30kmh – making streets liveable

User avatar
squeaker
Posts: 3549
Joined: 12 Jan 2007, 11:43pm
Location: Sussex

30kmh – making streets liveable

Postby squeaker » 12 Jan 2013, 1:27pm

Apologies if this has been raised already, but there's a new (to me) EU citizen's campaign here.
"42"

thirdcrank
Posts: 28648
Joined: 9 Jan 2007, 2:44pm

Re: 30kmh – making streets liveable

Postby thirdcrank » 12 Jan 2013, 2:03pm

IMO one of the main problems with 20 mph limits (ie approx 30kmh in old money) is that the police have more or less said that they won't enforce them. Just the sort of issue that you new local sheriff (AKA police and crime commissioner) is supposed to be going to deal with - so long as enough people say what they think.

User avatar
squeaker
Posts: 3549
Joined: 12 Jan 2007, 11:43pm
Location: Sussex

Re: 30kmh – making streets liveable

Postby squeaker » 12 Jan 2013, 2:23pm

thirdcrank wrote:IMO one of the main problems with 20 mph limits (ie approx 30kmh in old money) is that the police have more or less said that they won't enforce them.
Round here they've said similar about some new 30mph limits :(
"42"

User avatar
jezer
Posts: 1542
Joined: 29 Sep 2007, 5:16pm
Location: North Wiltshire

Re: 30kmh – making streets liveable

Postby jezer » 12 Jan 2013, 4:36pm

A limit of 20mph could be enforced if the motorist in front drove at that speed. All those behind would be limited, assuming the appropriate traffic calming measures were in force. It only takes one responsible driver to observe the law.
Power to the pedals

User avatar
al_yrpal
Posts: 7681
Joined: 25 Jul 2007, 9:47pm
Location: Cully
Contact:

Re: 30kmh – making streets liveable

Postby al_yrpal » 12 Jan 2013, 4:45pm

Personally, in residential areas I do drive at much less than 30. With kids pets and old folk around I think its sensible, 30 is too fast. I am sure that this irritates some other drivers however that's their problem, 30 is the maximum. :mrgreen:
Touring on a bicycle is a great way to explore and appreciate the countryside and towns you pass through. CTC gone but not forgotten!

reohn2
Posts: 35921
Joined: 26 Jun 2009, 8:21pm

Re: 30kmh – making streets liveable

Postby reohn2 » 12 Jan 2013, 5:27pm

al_yrpal wrote:Personally, in residential areas I do drive at much less than 30. With kids pets and old folk around I think its sensible, 30 is too fast. I am sure that this irritates some other drivers however that's their problem, 30 is the maximum. :mrgreen:

Me too,30 is the max and less if I think it necessary.
-----------------------------------------------------------
I cycle therefore I am.

hexhome
Posts: 1328
Joined: 1 Oct 2010, 10:33am
Location: Hexham, Northumberland

Re: 30kmh – making streets liveable

Postby hexhome » 13 Jan 2013, 12:33am

Most laws can't be enforced. We obey them by mutual consent. All successful road safety laws have worked this way; drink, seatbelts, speeding and eventually phones. The chances of actually getting caught is exceedingly slim and getting slimmer.

thirdcrank
Posts: 28648
Joined: 9 Jan 2007, 2:44pm

Re: 30kmh – making streets liveable

Postby thirdcrank » 13 Jan 2013, 8:48am

hexhome wrote:Most laws can't be enforced. We obey them by mutual consent. All successful road safety laws have worked this way; drink, seatbelts, speeding and eventually phones. The chances of actually getting caught is exceedingly slim and getting slimmer.

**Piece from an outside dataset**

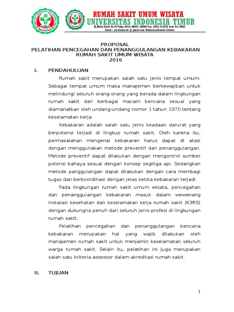 PROPOSAL PELATIHAN PENCEGAHAN DAN PENANGGULANGAN KEBAKARAN RUMAH SAKIT UMUM WISATA PDF Download Gratis

While I'd agree with some of that, the implication seems to be that enforcement is unnecessary to the point of being futile. It seems to me that the lack of traffic enforcement has led to the situation that motivated this thread. If everybody behaved properly, we'd not need speed limits, never mind enforcement. One of the problems with judging the speed at which to drive is that the person making the decision usually has a personal interest in going faster. Any absence of casualties is taken as justifying greater speed, when it often merely means that the potential casualties have either kept off the roads, or their parents etc have taken that decision on thier behalf.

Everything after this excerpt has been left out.